■ **DIRECTIONS**
For this exercise, copy all the data exactly and include none of the pictures.

■ **STORED DATA**
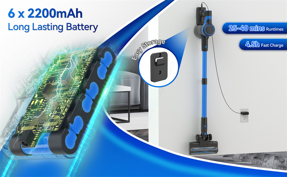Inse S600 langaton sauva-imuri 250 W:n harjaton moottori 25 kPa hepa-suodatin 1,2 l pölysäiliö kevyt
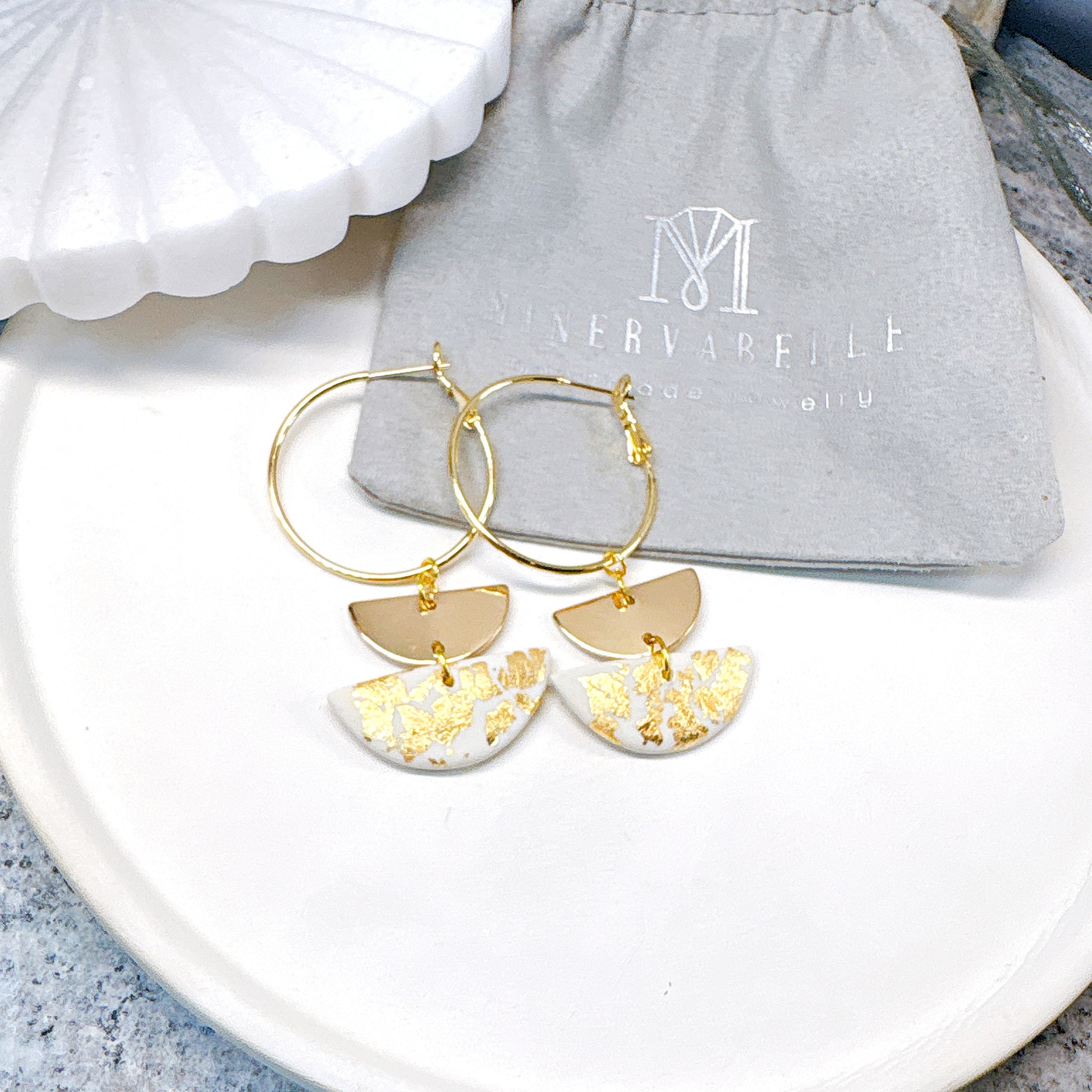 Handcrafted to capture timeless elegance, these earrings feature a delicate balance of modern geometry and natural shimmer. Each piece showcases hand-applied gold leaf over smooth polymer clay, suspended gracefully from sleek golden hoops. The soft marbled base and organic gold patterns reflect light beautifully, adding effortless sophistication to any outfit.
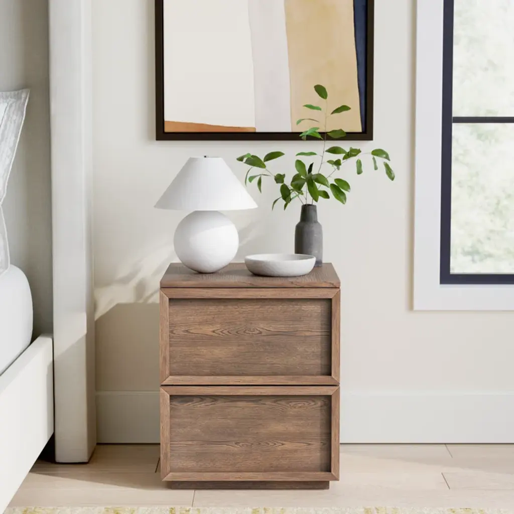 With its compact footprint and clean-lined design, our nightstand fits nicely next to your bed. Kiln-dried wood comes in a distinctive finish of your choice to suit your space's signature style, and the paneled drawers conceal nighttime essentials. Also makes a great end table in your living room.

■ **EXERCISE RESPONSE**
Inse S600 langaton sauva-imuri 250 W:n harjaton moottori 25 kPa hepa-suodatin 1,2 l pölysäiliö kevyt
 Handcrafted to capture timeless elegance, these earrings feature a delicate balance of modern geometry and natural shimmer. Each piece showcases hand-applied gold leaf over smooth polymer clay, suspended gracefully from sleek golden hoops. The soft marbled base and organic gold patterns reflect light beautifully, adding effortless sophistication to any outfit.
 With its compact footprint and clean-lined design, our nightstand fits nicely next to your bed. Kiln-dried wood comes in a distinctive finish of your choice to suit your space's signature style, and the paneled drawers conceal nighttime essentials. Also makes a great end table in your living room.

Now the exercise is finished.